Moore’s Law using Python

Hi All! Today, we will learn how to implement Moore’s Law Using Python using Linear Regression. Before going through this tutorial, it is highly recommended to go through the mathematics behind this tutorial.

What is Moore’s law?

Gordon Moore, the co-founder of Intel proposed Moore’s law in 1965.

It states that in an Integrated Circuit, the transistor count doubles every year or transistor count, Y = a*2^X where a is any arbitrary constant and X is the time in years.

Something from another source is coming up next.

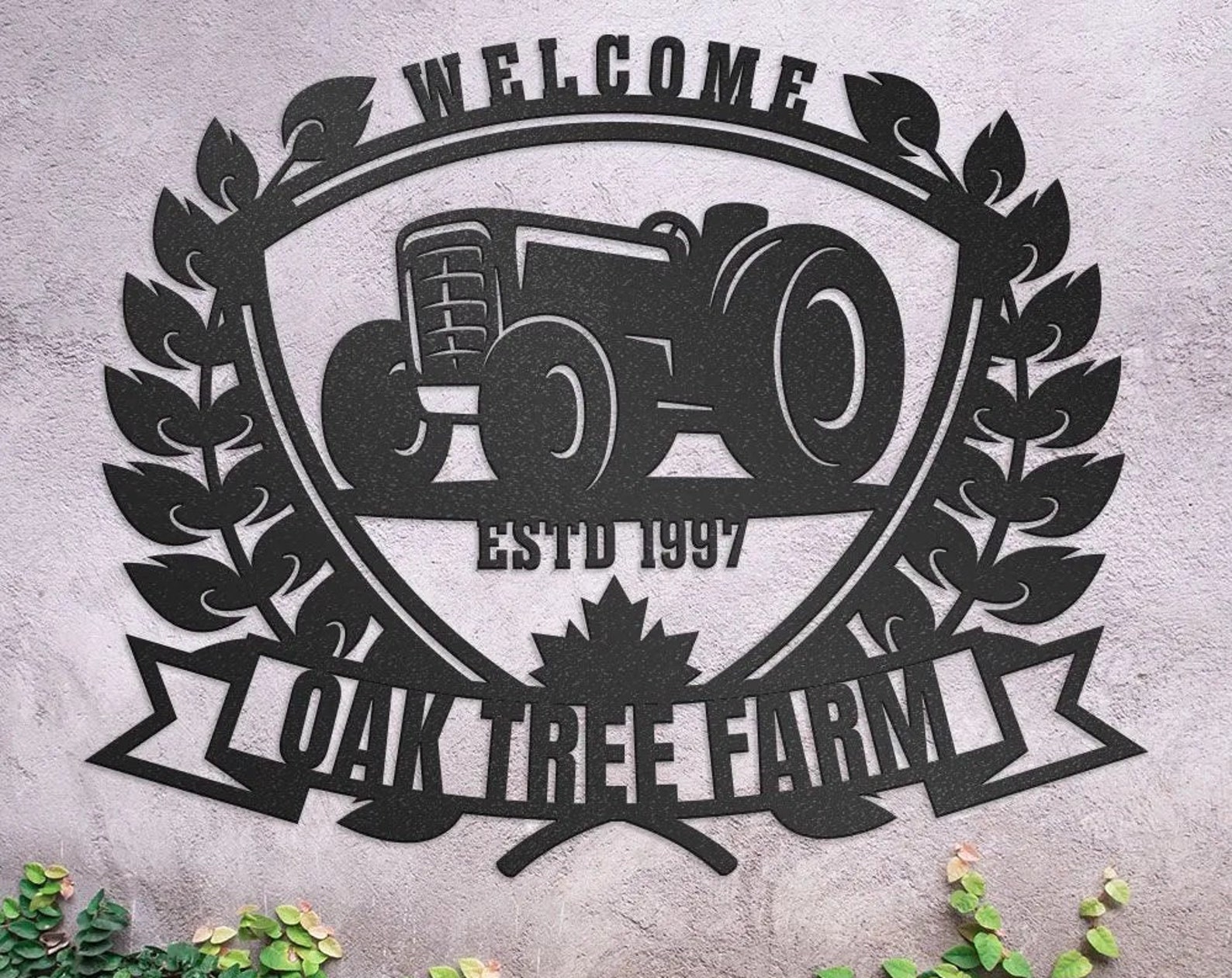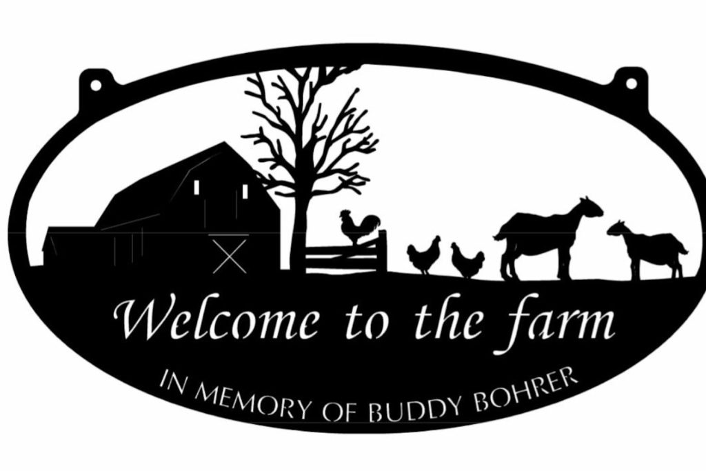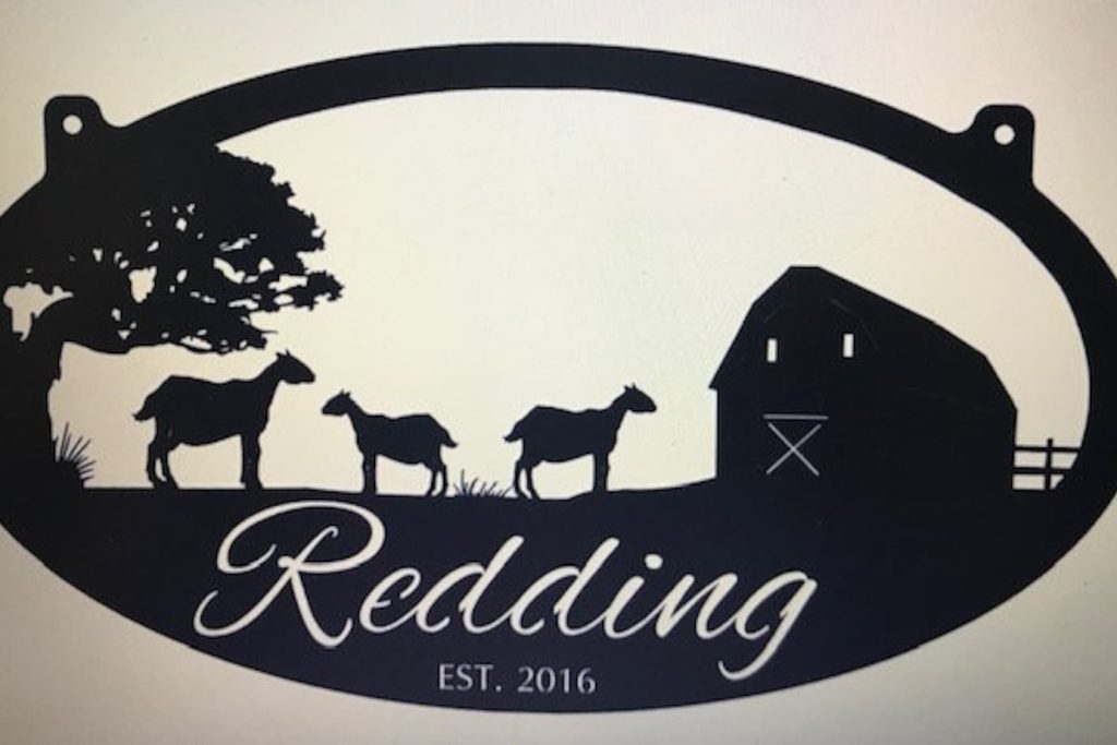 Rustic, personalized metal sign with barn and goat scene. Measures 28" x 16". Powder coated black or beautiful rustic acid finish and clear coated . Makes a very attractive entrance sign.Incl with the price is customizing with your name.Our finish is a baked on powder coat for a very long lasting durable finish.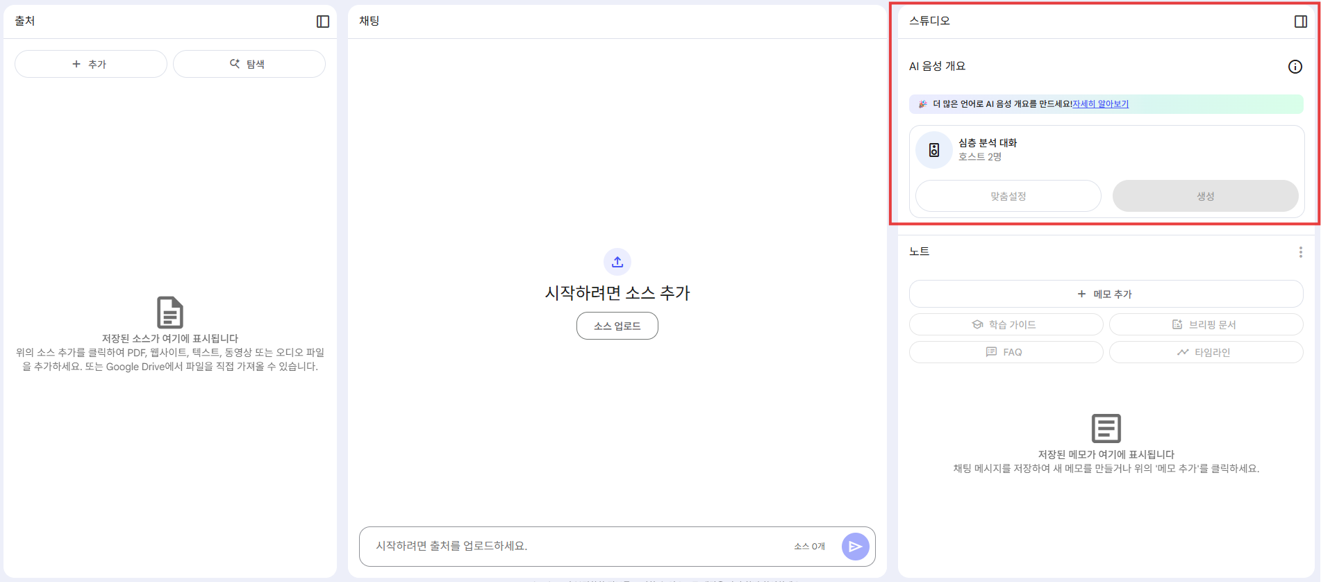 스튜디오 영역은 NotebookLM만의 독특한 기능 중 하나로, 업로드된 문서의 내용을 AI가 팟캐스트 형식의 오디오로 요약해 제공하는 공간입니다. 단순히 텍스트를 음성으로 읽는 수준을 넘어서, 두 명의 화자(가상 진행자)가 서로 대화를 주고받는 방식으로 문서 내용을 설명해주기 때문에, 사용자는 마치 라디오나 팟캐스트를 듣듯 자연스럽고 몰입감 있게 정보를 받아들일 수 있습니다.

It also states that though the transistor count gets doubled but the cost of computers gets halved. According to him, we can also expect to see the speed and capacity of computers getting manifolds every few years.



The Code

Below is the implementation of this law using Python.

In [7]:
#importing package for regular expressions
import re                                 

#import numpy to make matrix and vector computations easier
import numpy as np  

#import matplotlib.pyplot to visualize the vectors on graphs                      
import matplotlib.pyplot as plt          

#making empty X_input list for the input vector
X_input = []                                    
#making empty Y_output list for the output vector
Y_output = []                                    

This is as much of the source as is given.